Yes, they don’t add up to me either. Give me a few days and I will post again specifically providing new figures all round. ie Exact R values ADC’s etc.

Regards,
Mort.
 

hippy

Senior Member
For a schematic, see #30 above
Oops - Seems I missed that. Thanks. So, in essence -
Code:
Vref -.--------------.---
     .|.             |
  R1 |_| 1K          |
      |       Vadc   |
      }--------.     |
      |       .|.    |
      |   10K |_|    |
      |        |  ___|___
     .|.      _|_/       |
  R2 |_|     |_ _   ADC  |
      |        | \_______|
      |       .|.    |
      |   10K |_|    |
      |        |     |
  0V -^--------^-----^---
From that we can calculate what Vadc should be ( ignoring any effect of the two 10K's and the effective resistance of the ADC input ) as -

Vadc = Vref * R1 / ( R1 + R2 )

And we can determine what the 30-bit result of the ADC reading should be from -

Nadc = $3FFFFFFF * Vadc / Vref

Which gives us ...
Code:
           ----- Expected -----   ------ Actual ------
R2 = 0.1      107363  $0001A363      392377  $0005FCB9
R2 = 330   266417144  $0FE133F8   533314220  $1FC9BAAC
So something is 'way out of whack' there.

The other concerns I have are that, with the two 10K's and effective resietance of the ADC, the R2 being read won't be R2 but something slightly less, which will reduce Vadc by some amount. In addition, because of the 10K's, the +Input of the ADC won't be Vadc but something less, and -Input won't be 0V but something higher. That will reduce what the Nadc reading is against what it would be in an ideal world.

I guess none of that really matters as the ADC reading can still be reversed. But it will make that reversal much more complicated if that needs to be taken into account.
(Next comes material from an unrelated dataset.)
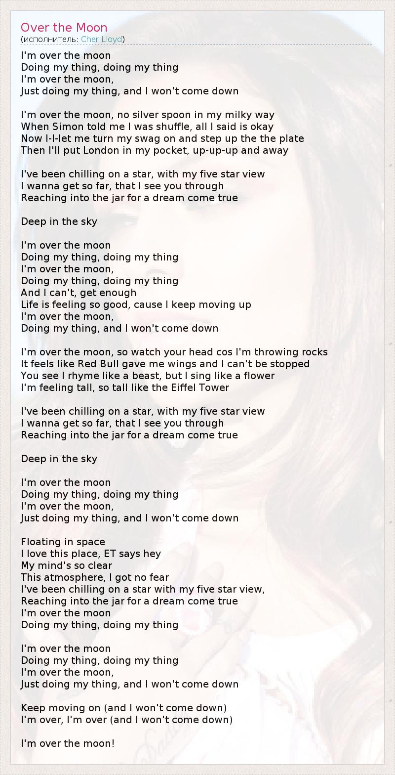 А как ты думаешь, о чем песня "Over the Moon" ?

I'm not sure why either 10K is there and I think it would be worth removing both if there's no good reason for their presence.
 

mortifyu

New Member
If I am not mistaken... the numbers that you are obtaining from the ADC - are... not ohm values... but a voltage value that then needs to be converted to a resistance value?? (Showing my ignorance here...)
You have a voltage divider circuit. +5 volts across the 1k and the 'X' resistor.
The ADC values are essentially a ratio metric digital representation of a voltage. This particular project will only ever have a MAX R2 resistance of 330 ohms. Just to provide you an appreciation of this circuit/setup, theoretically a MAX decimal value of 24-bits is 16,777,215 (a far cry above PICAXE 10bit ADC - MAX 65536) which in this case would be 5.000VDC. In a ‘perfect world’ if R2 was also 1K exactly, the ADC value would be 8,388,607 and the voltage would be 2.500VDC.
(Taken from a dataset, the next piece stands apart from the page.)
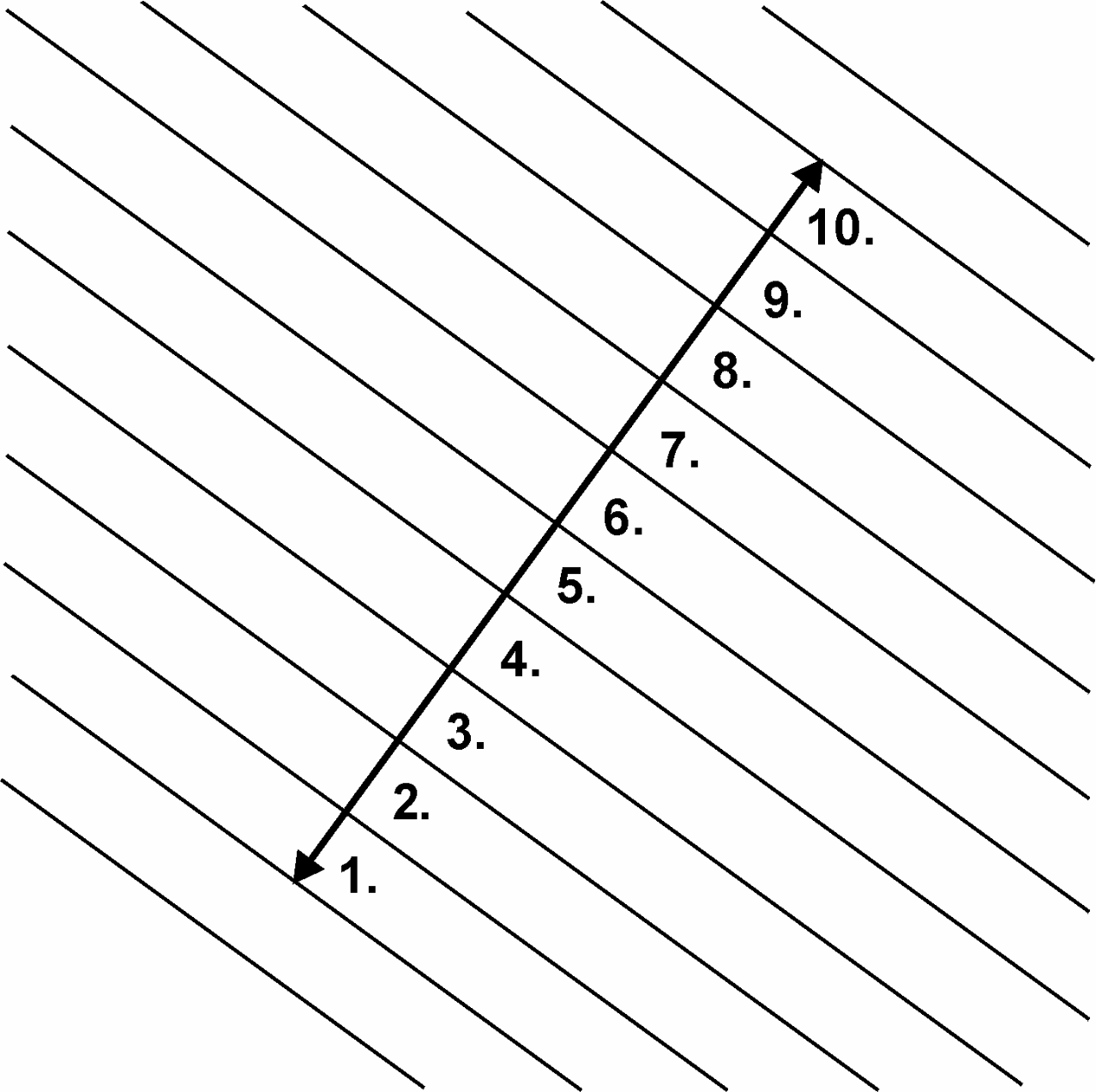 Regular levelled Datum rows should now be set out maintaining the 411 mm batten centres.

@hippy - If you worked your MATH with these references, hopefully you’d be able to come up with the mathematical result to 0.1 ohm resolution. As we know, the above quoted values are absolute.

Perhaps to keep the resultant MATH to three digits and one decimal place, you could work with the absolute known values For R2=500.0 ohms. That is, ADC value = 5,592,405 and Vout would = 1.6VDC recurring.

Regards,
Mort.
 

mortifyu

New Member
Yes, sorry Hippy, I am pretty sure I have given you a bum steer with earlier values and took them without factoring in slight inaccuracies in R1=1K and R2 being 329.2 ohms measured. But, if you work with the theoretically accurate known values noted earlier, perhaps we/you can get to where I am lost trying to get PICAXE to solve the MATH.

Regards,
Mort.
 

mortifyu

New Member
And we can determine what the 30-bit...
It is a 24bit value we are working with.

Bit 5 of first byte through to bit 6 of 4th byte.
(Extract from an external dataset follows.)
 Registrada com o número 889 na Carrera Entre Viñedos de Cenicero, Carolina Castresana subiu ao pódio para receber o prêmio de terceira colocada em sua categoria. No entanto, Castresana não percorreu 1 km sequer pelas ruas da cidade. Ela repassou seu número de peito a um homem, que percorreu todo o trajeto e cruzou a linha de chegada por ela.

The pair of 10k resistors at the ADC are not at all significant in the circuit or equations, but do need to remain there for protective purposes.

Also, if anyone is interested (please speak up) I am happy to post the GERBER PCB files (not that I have generated them just yet) for this circuit so you could email them to a board house of choice and have the suitable PCB made. It makes no difference to the calculations, but there is also an inductor on the output from the 5.000VDC REF supply that is not shown in the circuit as in the end this will be a printed PCB track inductor most likely.


Regards,
Mort.
 

Jim-TX

New Member
The numbers don't make sense.
If 16,777,215 = 5.0V and 8,388,607 = 2.5V, then it stands to reason that 4,194,303 = 1.25V.
When you have a 330 ohm resistor plugged in as R2, you are getting a reading of 8,333,034. According to the above numbers, that is very near 2.5V.

But - if you do the math on a 1k and 330 ohm in series, there should be 1.24V on R2. This should put the reading near to 4,194,303.

The same goes with the 0.1 ohm resistor. The voltage across a 0.1 ohm resistor should be somewhere near 0.0006V. This means a reading should be near 2048. You are reading 6130 which is about 0.0018V (2048 + 4095). This doesn't make sense.

If it were me, I'd use a precision 330 ohm resistor for R1. Then the voltage across R2 should be very near 2.5 volts when you have a 330 plugged in as R2.

This would also make the voltage across R2 when it is a 0.1 ohm resistor higher... 0.0015V, which gets it up higher out of the noise.

The other thing I would do is to place a bus wire in the circuit to be measured - instead of a 330 ohm or 0.1 ohm. Get a baseline reading. Theoretically it should be 0 - but there will be some resistance in the bus wire, so you will have a number. Regardless, that should be your 'zero' volts.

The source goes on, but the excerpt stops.